Non-Invasive Neurostimulation Therapies (NINET) Laboratory, Department of Psychiatry, University of British Columbia, Vancouver, British Columbia, Canada.
Department of Psychiatry, University of British Columbia, Vancouver, British Columbia, Canada.
J Neuroimaging. 2021 Mar;31(2):261-271. doi: 10.1111/jon.12814. Epub 2020 Dec 3.
Source-based morphometry(SBM) has been used in multicenter studies pooling magnetic resonance imaging data across different scanners to advance the reproducibility of neuroscience research. In the present study, we developed an analysis strategy for Scanner-Specific Detection (SS-Detect) of SBPs in multiscanner studies, and evaluated its performance relative to a conventional strategy.

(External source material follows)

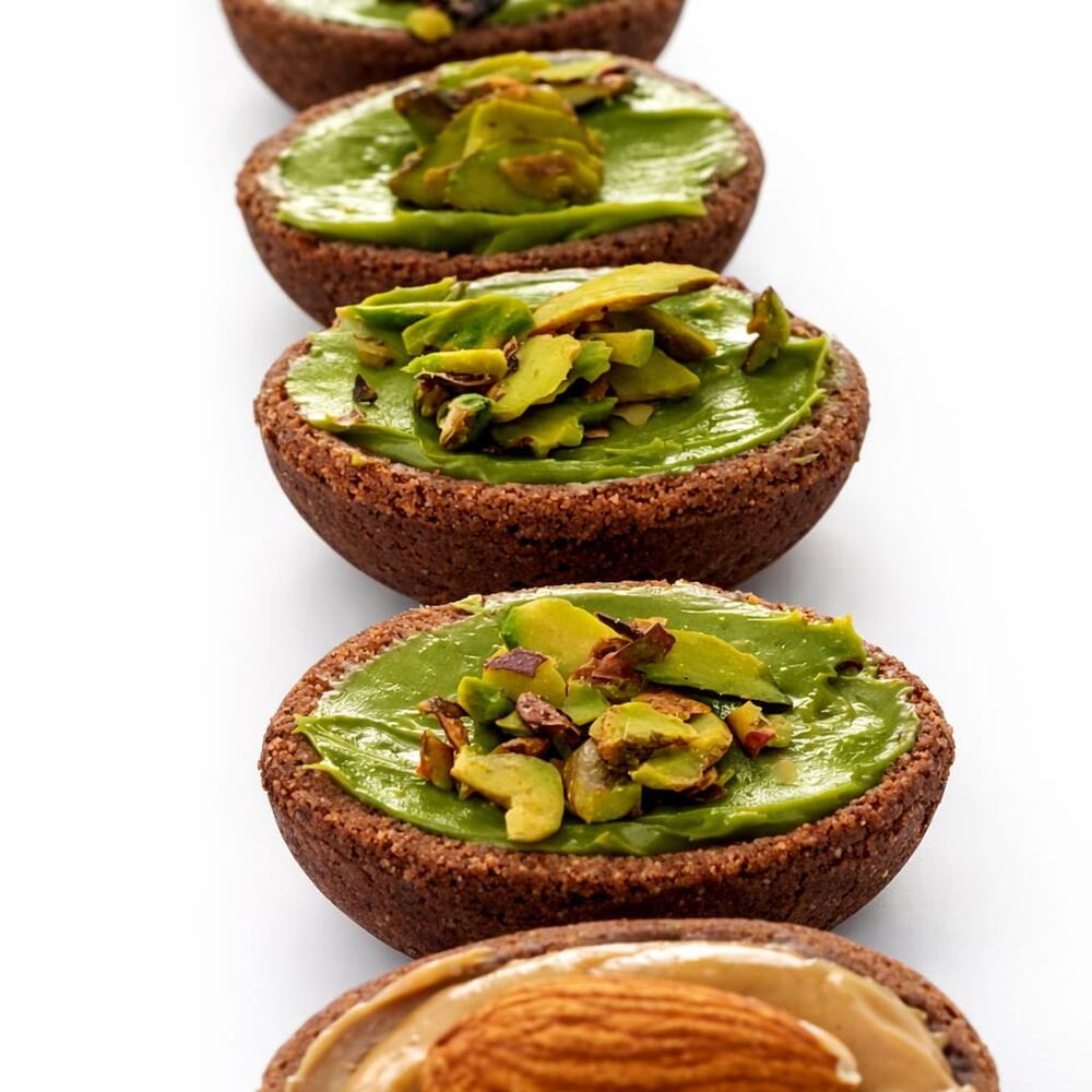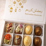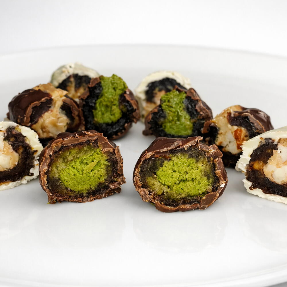 Belçika çikolatası kaplı ceviz formunda kurabiyeler (çeşitli dolgulu), Belçika çikolatası kaplı ve süslemeli Medine hurmaları (çeşitli dolgulu), kuruyemiş çeşitleri (fıstık, badem, fındık),

In the first experiment, the SimTB toolbox was used to generate simulated datasets mimicking 20 different scanners with common and scanner-specific SBPs. In the second experiment, we generated one simulated SBP from empirical gray matter volume (GMV) datasets from two different scanners. Moreover, we applied two strategies to compare SBPs between schizophrenia patients' and healthy controls' GMV from two scanners.
The outputs of the conventional strategy were limited to whole-sample-level results across all scanners; the outputs of SS-Detect included whole-sample-level and scanner-specific results. In the first simulation experiment, SS-Detect successfully estimated all simulated SBPs, including the common and scanner-specific SBPs, whereas the conventional strategy detected only some of the whole-sample SBPs. The second simulation experiment showed that both strategies could detect the simulated SBP. Quantitative evaluations of both experiments demonstrated greater accuracy of the SS-Detect in estimating spatial SBPs and subject-specific loading parameters. In the third experiment, SS-Detect detected more significant between-group SBPs, and these SBPs corresponded with the results from voxel-based morphometry analysis, suggesting that SS-Detect has higher sensitivity in detecting between-group differences.
SS-Detect outperformed the conventional strategy and can be considered advantageous when SBM is applied to a multiscanner study.
基于源的形态计量学(SBM)已被用于汇集来自不同扫描仪的磁共振成像数据的多中心研究,以提高神经科学研究的可重复性。在本研究中,我们开发了一种用于多扫描仪研究中扫描仪特异性检测(SS-Detect)的分析策略,并评估了其相对于传统策略的性能。
在第一个实验中,使用 SimTB 工具箱生成模拟数据集,模拟具有常见和扫描仪特异性 SBP 的 20 种不同扫描仪。在第二个实验中,我们从两个不同扫描仪的经验灰质体积(GMV)数据集生成了一个模拟 SBP。此外,我们应用两种策略来比较来自两个扫描仪的精神分裂症患者和健康对照组 GMV 之间的 SBP。
传统策略的输出仅限于所有扫描仪的全样本水平结果;SS-Detect 的输出包括全样本水平和扫描仪特异性结果。在第一个模拟实验中,SS-Detect 成功估计了所有模拟 SBP,包括常见和扫描仪特异性 SBP,而传统策略仅检测到了一些全样本 SBP。第二个模拟实验表明,两种策略都可以检测到模拟 SBP。对两个实验的定量评估表明,SS-Detect 在估计空间 SBP 和受试者特异性加载参数方面具有更高的准确性。在第三个实验中,SS-Detect 检测到更多的组间 SBP,这些 SBP 与基于体素的形态计量学分析的结果相对应,表明 SS-Detect 在检测组间差异方面具有更高的敏感性。
SS-Detect 优于传统策略,在 SBM 应用于多扫描仪研究时可以被认为是有利的。